Data excerpt.
————————
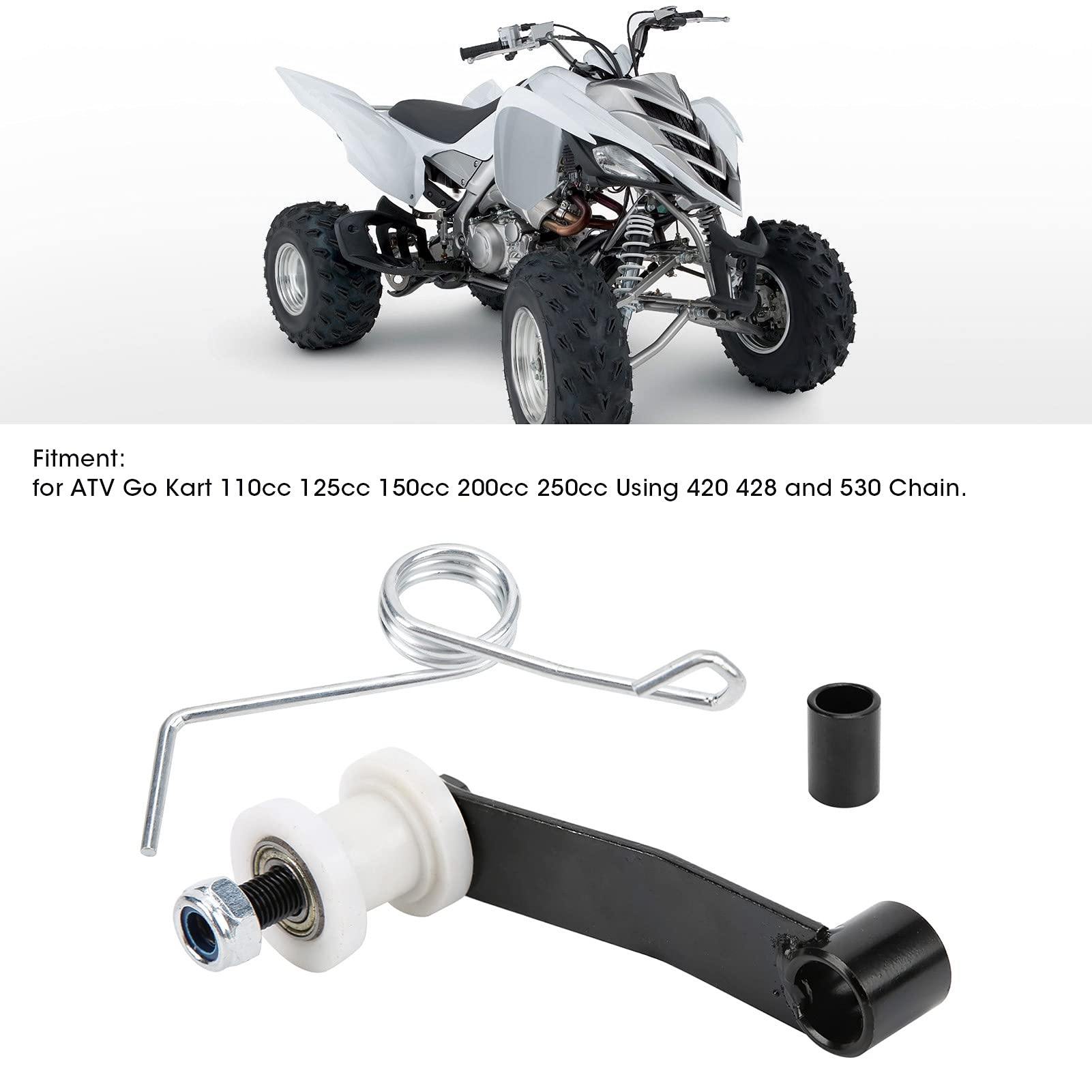 Spécification: Type d'article: Chaîne Rouleau Tentender Matériel: ABS + Metal Couleur: Rouleau blanc Ajustement: Pour ATV GO KART USI USING 420 428 et 530 chaîne. Pièce Mécanique Quad Galet Tendeur Chaîne Moto Aramox - Pour ATV Go-Kart 110-250cc - Chaînes 420 428 530 - Avec Ressort Et Roulement Kit Tendeur Avec Norme d'origine, remplacement direct du rouleau de tendeur de chaîne ancien ou cassé. KIMISS Tendeur de glissière de rouleau de chaîne 10mm chaîne rouleau curseur tendeur guide de... Tendeurs de chaine Evotech 2011 - ER6 - Kawasaki - Colour: Black - Approximate weight: 220g - Applicable models: offroad motorcycles, gokarts and various modified cars Caractéristiques: - Quantity: 1 set - Product Name: Ofoad motorcycle tensioner - Packing size: 12.5cm 9.5cm 8cm - Origine: CN (Origine) - Condition: Brand , not used. - Colour: Black - Approximate weight: 220g - Applicable models: ofoad motorcycles, gokarts and various modified cars Construit pour répondre aux spécifications standard, suivez strictement le contrôle de qualité de l'usine. Liste d'emballage: 1 x tendeur 1 x printemps 1 x roulement
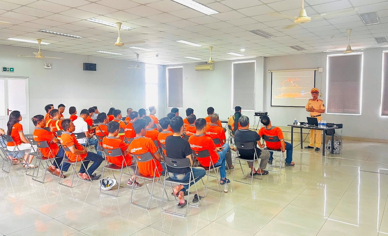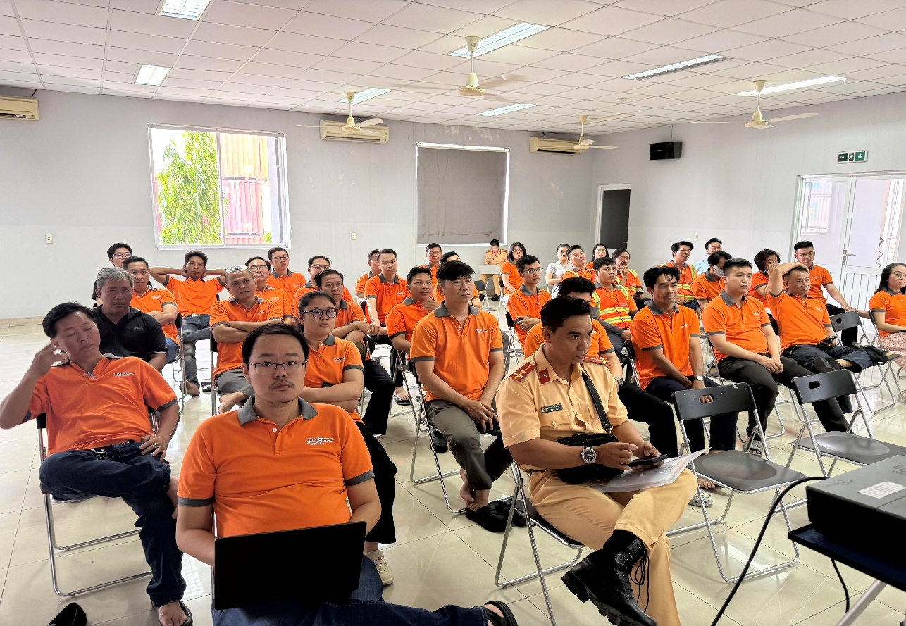 Đội CSGT Cát Lái phối hợp cùng Trạm Cảnh sát đường thủy Cát Lái đã tổ chức buổi tuyên truyền phổ biến pháp luật và tập huấn kỹ năng an toàn giao thông cho đội ngũ cán bộ công nhân viên (CBCNV) và tài xế xe container, xe tải nặng tại ICD Transimex.
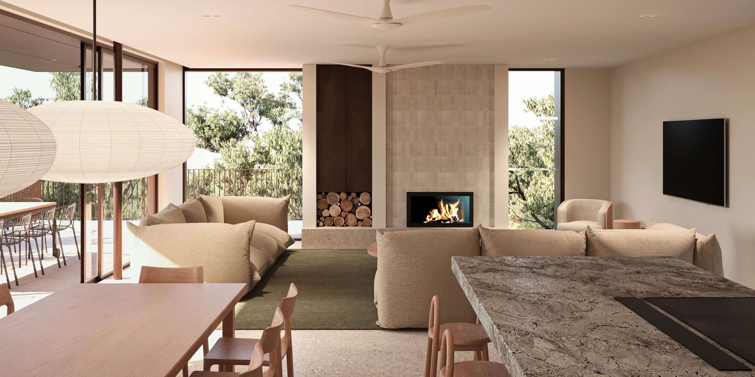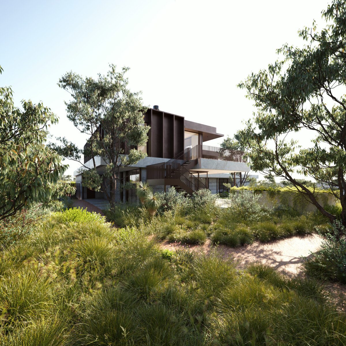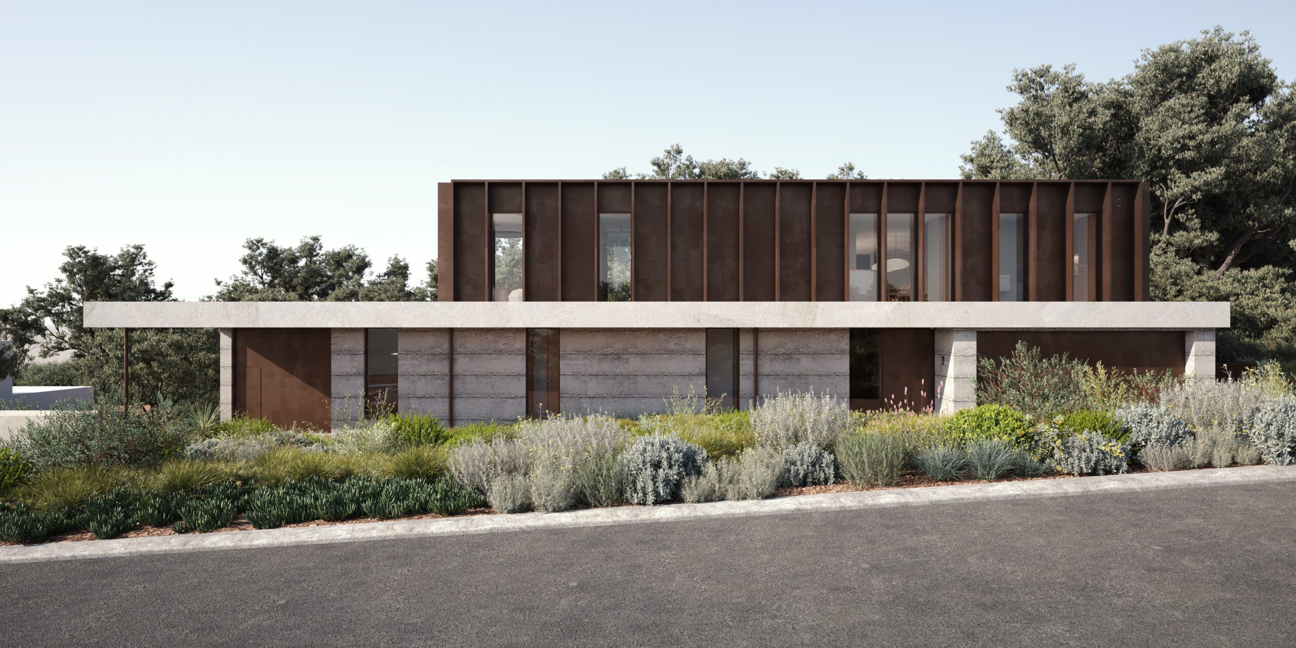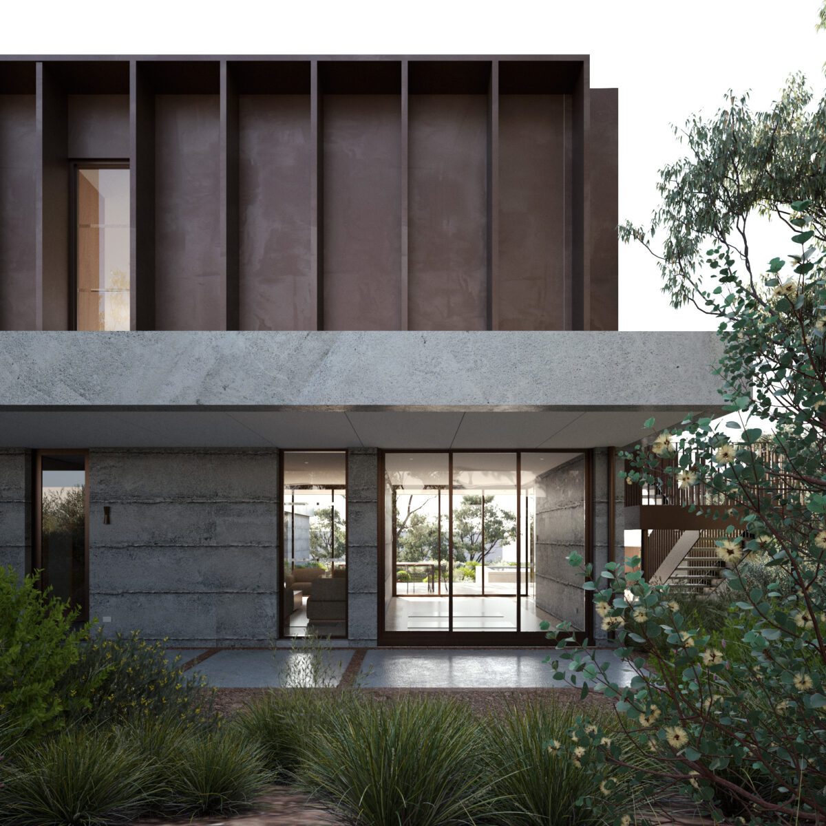 Aligning to the design’s nature-first principles, the proposed residence uses raw, textural material palette that reinforces the connection between indoors and out, while considered spatial planning invites moments of repose and wellness within the broader landscape context.
————————
Work item. Copy out all of the listing word for word, but skip the images.

Task response.
 Spécification: Type d'article: Chaîne Rouleau Tentender Matériel: ABS + Metal Couleur: Rouleau blanc Ajustement: Pour ATV GO KART USI USING 420 428 et 530 chaîne. Pièce Mécanique Quad Galet Tendeur Chaîne Moto Aramox - Pour ATV Go-Kart 110-250cc - Chaînes 420 428 530 - Avec Ressort Et Roulement Kit Tendeur Avec Norme d'origine, remplacement direct du rouleau de tendeur de chaîne ancien ou cassé. KIMISS Tendeur de glissière de rouleau de chaîne 10mm chaîne rouleau curseur tendeur guide de... Tendeurs de chaine Evotech 2011 - ER6 - Kawasaki - Colour: Black - Approximate weight: 220g - Applicable models: offroad motorcycles, gokarts and various modified cars Caractéristiques: - Quantity: 1 set - Product Name: Ofoad motorcycle tensioner - Packing size: 12.5cm 9.5cm 8cm - Origine: CN (Origine) - Condition: Brand , not used. - Colour: Black - Approximate weight: 220g - Applicable models: ofoad motorcycles, gokarts and various modified cars Construit pour répondre aux spécifications standard, suivez strictement le contrôle de qualité de l'usine. Liste d'emballage: 1 x tendeur 1 x printemps 1 x roulement
 Đội CSGT Cát Lái phối hợp cùng Trạm Cảnh sát đường thủy Cát Lái đã tổ chức buổi tuyên truyền phổ biến pháp luật và tập huấn kỹ năng an toàn giao thông cho đội ngũ cán bộ công nhân viên (CBCNV) và tài xế xe container, xe tải nặng tại ICD Transimex.
 Aligning to the design’s nature-first principles, the proposed residence uses raw, textural material palette that reinforces the connection between indoors and out, while considered spatial planning invites moments of repose and wellness within the broader landscape context.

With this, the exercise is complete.